This First Person article is the experience of Samantha Don, a filmmaker in Winnipeg. In her new short film Clutter, created for CBC Manitoba’s Creator Network, Don tackles her piles of junk and the anxiety they bring. For more information about CBC’s First Person stories, please see the FAQ.
Sometimes it feels like I’m drowning in stuff.
When I walk through my bedroom, and before I move the same pile of clean, unfolded laundry from my bed, I am almost guaranteed to smash my toe on something buried in the depths of my cluttered floor.
I dropped a sewing needle into that pile about three months ago and I haven’t been able to find it. I know it’s eventually going to stab me in the foot, but cleaning the whole area is just too intimidating at this point.
Sometimes it’s really hard to feel motivated and excited for the day when I literally have to dig myself out of bed.
Many people my age (24) are struggling with anxiety and depression right now. We’re feeling weary and bogged down.– Samantha Don
The pandemic, its lockdowns, and social distancing definitely haven’t helped.
Many people my age (24) are struggling with anxiety and depression right now. We’re feeling weary and bogged down.
For me, all my stuff is a symptom of my general malaise with life these days.
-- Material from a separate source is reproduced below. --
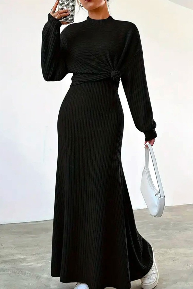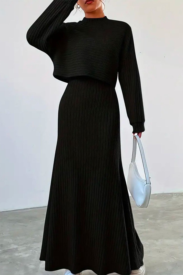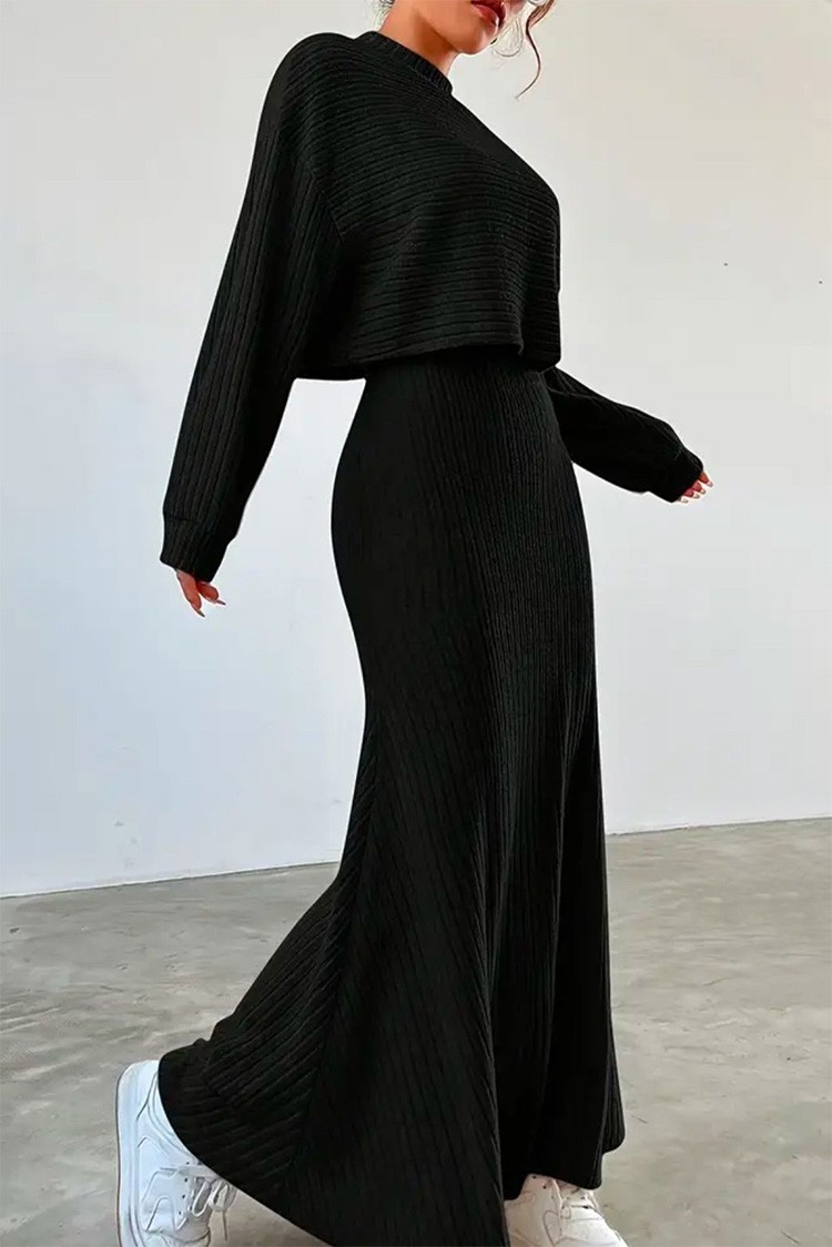 - Bluzka ma długie rękawy i luźny krój, a sukienka ma wygodne ramiączka i długą długość.

Why do I, for example, still have this bottle cap a friend handed to me in high school? I don’t understand why I still have it. I am not even friends with this person anymore, but I absolutely can’t get rid of this bottle cap.
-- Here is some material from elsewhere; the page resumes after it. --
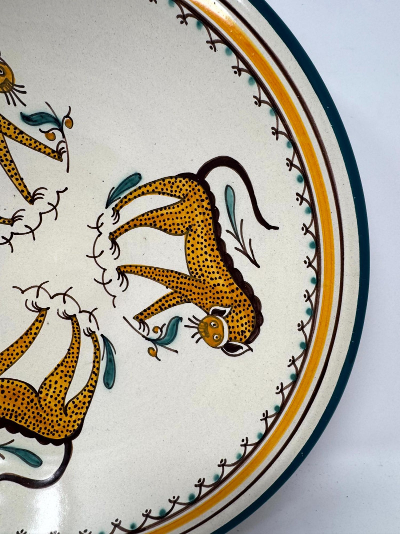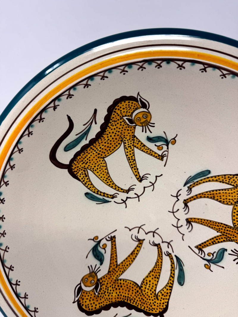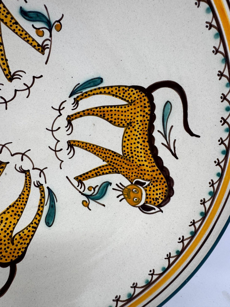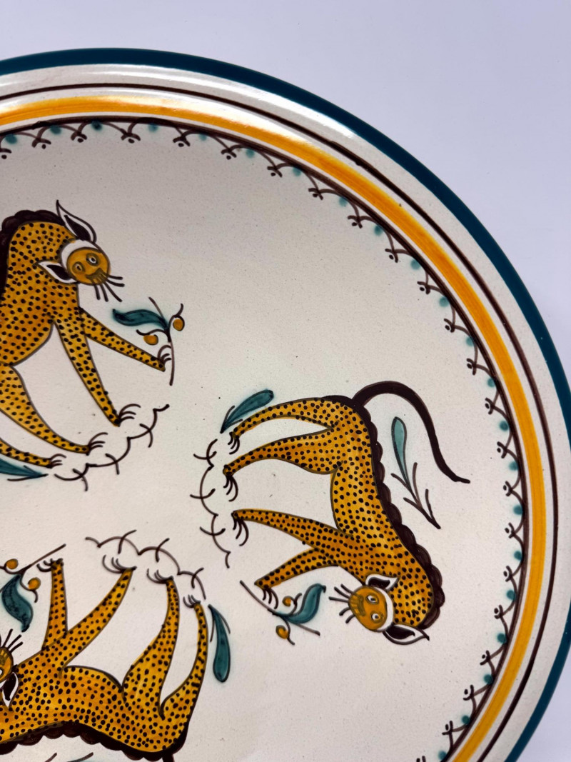 Lot # 85 - Large Hand-Painted Serving Bowl – Folk-Art Big Cat Motif

My partner was helping me clean and asked if he could throw it out. I started crying. I have no idea why. It felt like I was giving away a body part or a treasured family heirloom. It’s not. It’s just trash.
I keep holding on to strange things that I’ve gotten over the years, as if when I get rid of them, these memories will be like they never existed. These items “no longer bring me joy” as super organizer Marie Kondo suggests. They are more like an intense burden.
All of my stuff has started to turn me into a monster. It weighs me down. Although it feels comforting and safe, it keeps me from doing the things I want to do. Things like making art, riding my bike, or even getting out of bed in the first place.
At the same time, my room has been turned into a museum, holding memories that I love, but also the ones I should have gotten rid of years ago.
Since getting rid of stuff, I now have space for goals, ideas and aspirations.– Samantha Don
So I started getting rid of things that don’t bring me good feelings. These are things given to me by exes, junk food wrappers and clothes that are far too small that I keep thinking I will eventually be able to fit into. (I know now that I never will fit into them again and that’s something I’ve finally come to terms with too.)
I even threw out that bottle cap.
I feel lighter, with less baggage. I don’t have to trudge through my room to get out of bed. It takes me a few minutes to find my wallet instead of 30.
Since getting rid of stuff, I now have space for goals, ideas and aspirations. I’m excited to do things again.
I can tell when I’m slipping back emotionally. I get back into my hoarding ways, saving extra buttons and makeup that is long past its expiry date. I don’t think that part of me will ever change, and that’s OK.
I try to be gentle with myself when that happens, because I know when it’s over, I can clean everything up and start all over again.